THERE are so many moments to cherish with kids, and also so many times when you are so very, very bored. Like these:
Pushing your child on a swing, in which momentum and kinetic force combine to turn seconds into hours
Waiting in their room for them to fall asleep when you’re not allowed to scroll your phone because it keeps them awake
Listening to them talk about Roblox, Minecraft or Fortnite, wondering what part of your stupefied face says ‘Tell me more, my angel’

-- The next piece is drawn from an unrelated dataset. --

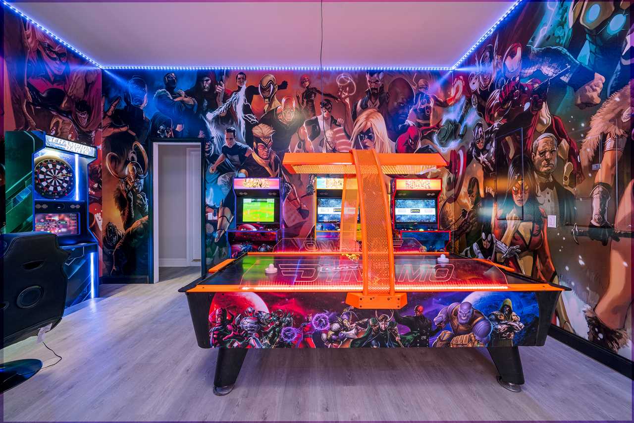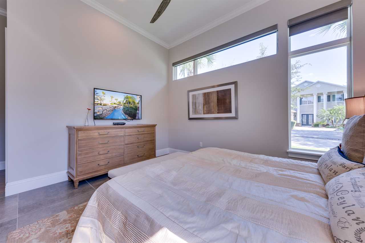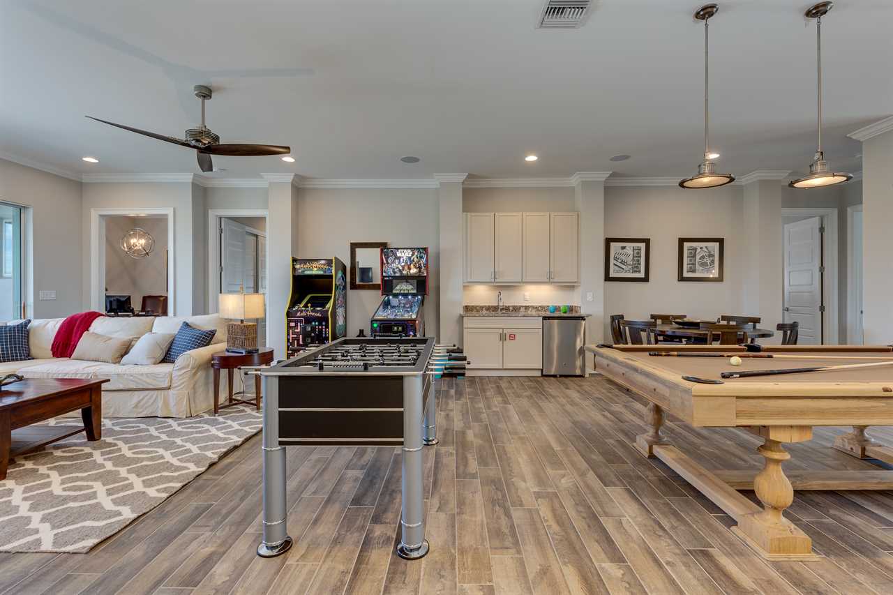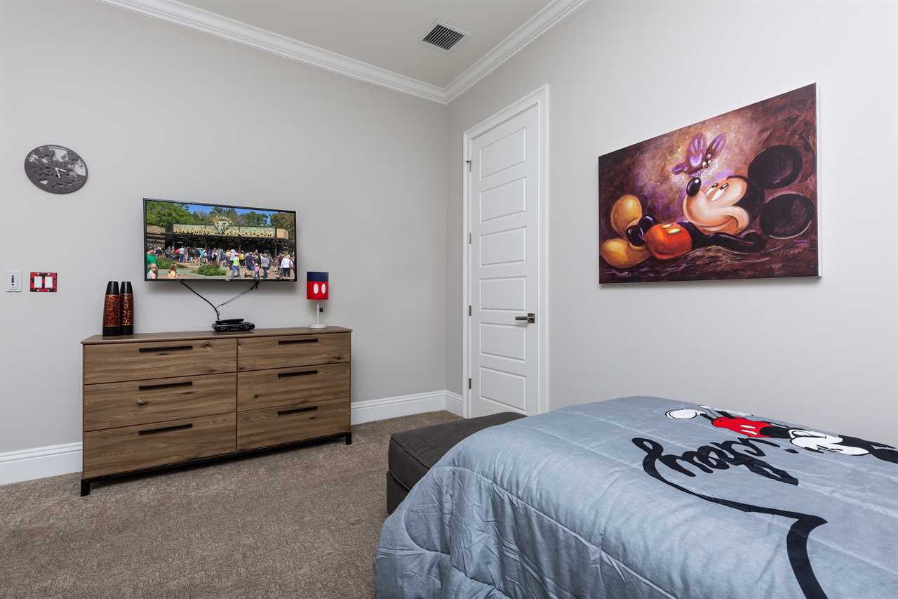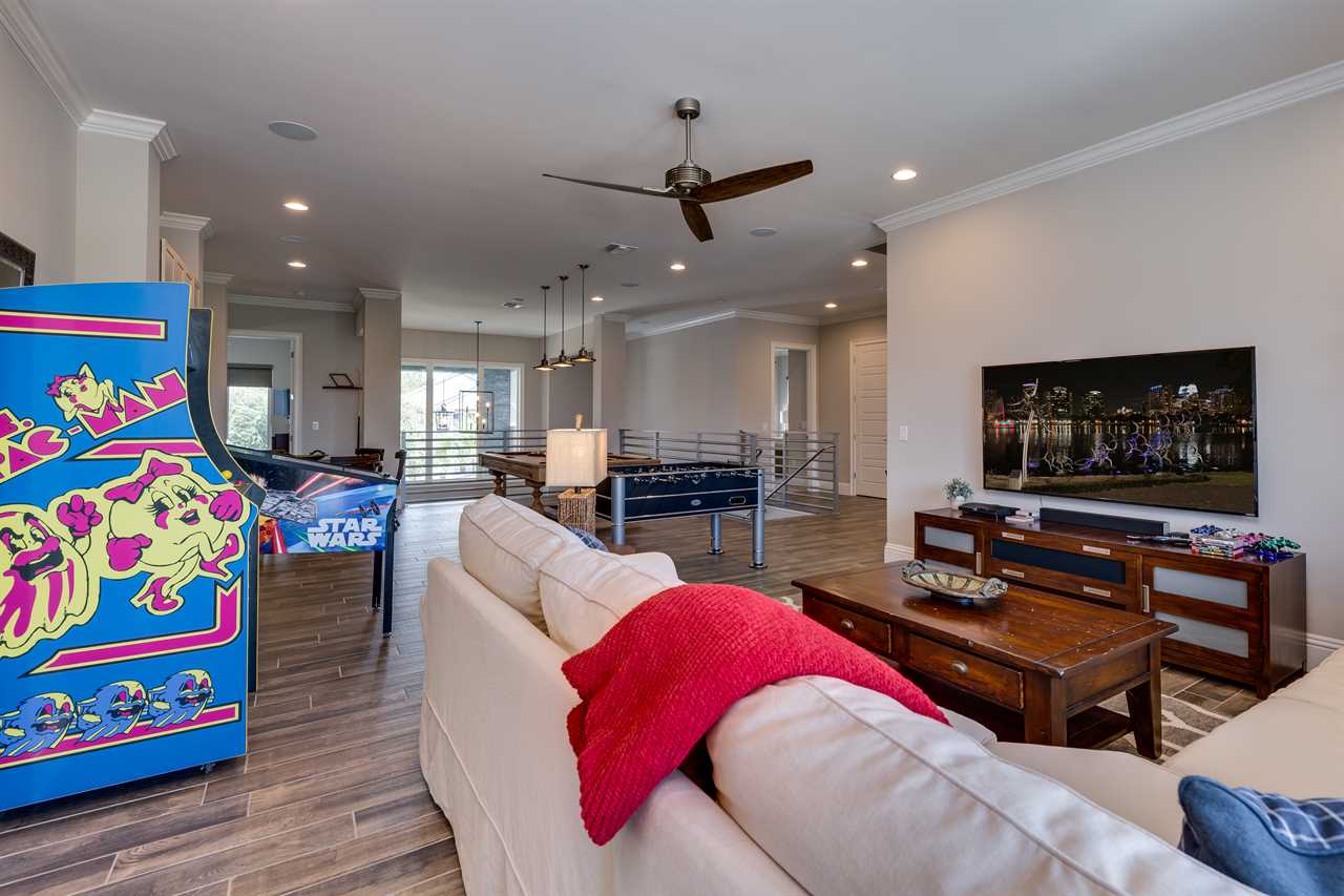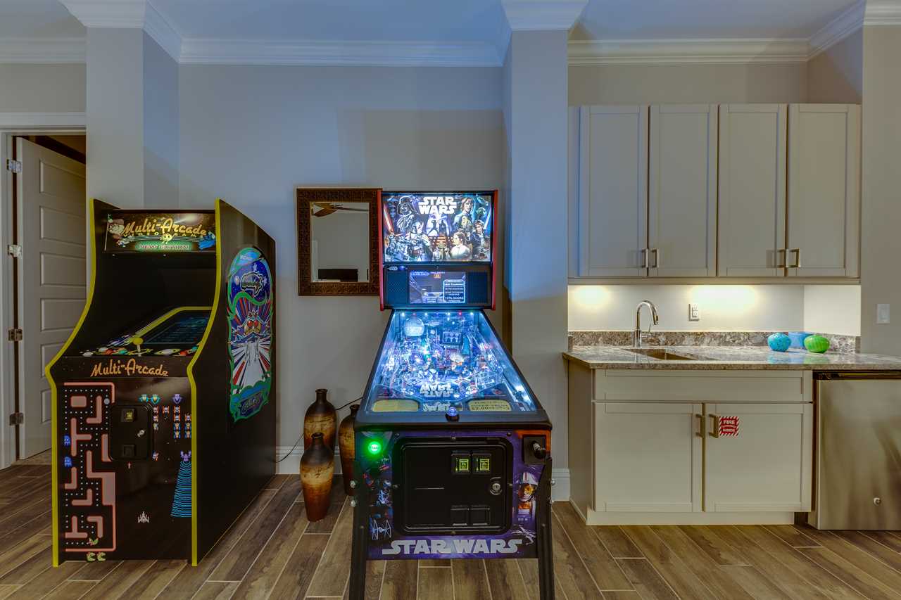 The second floor is perfect for entertaining with a large poker table, custom-designed slate pool table, wet bar with beverage cooler, and large sectional sofa with a large 70-inch 4K Smart TV. For gaming options, the loft also has a Star Wars pinball machine, 60 game multi-arcade, PS3 with 4 controllers (the following games are available to play: Raymond Legends, DuckTales, SEGA Mega Drive: Ultimate Collections), NES Classic, and foosball. A large patio with a table and outside seating gives a great view of the pristine course behind the home. Two other king master suites with en suite bath, one queen room, a room with two twin beds features everyone's favorite mouse, and a room with a full-size bed. All of the bedrooms have Smart TVs, en suite bathrooms, and come complete with blackout roller shades perfect for the bright Florida sun.

Walking down the street with a toddler examining every fascinating new paving stone
Doing f**king phonics with the Oxford Reading Tree
Reading their favourite bedtime story that you’ve read so many times you quote it to strangers
The wipe wait, because there’s nothing like hanging around with loo roll in hand ready for a child to finish shitting to remind you of what you’ve become
Washing laundry, the job that never, ever ends
Harvest Festival; the hymns, the poems about autumn leaves, the Bible story by Year 6, then watching every single child in the school walk slowly down a long church aisle to place a tin of beans on a table
Sports Day, where after a while you’ll be so bored you don’t even notice your own child triumph at the egg-and-spoon
Breakfast, lunch, dinner, all the snacks: making food has become so very, very dull
Watching them put their shoes on badly, like dicks, resisting shouting ‘Hurry the f**k up’
Playing an interminable boardgame they’ve drawn and devised that doesn’t have any rules except they win
Preparing pass-the-parcel for their birthday parties, ie wrapping the same parcel 12 bloody times
Waiting for the shitty animated movie they’ve chosen for Movie Night to finish so you can start drinking. F**k it, Elsa won’t know. Start now.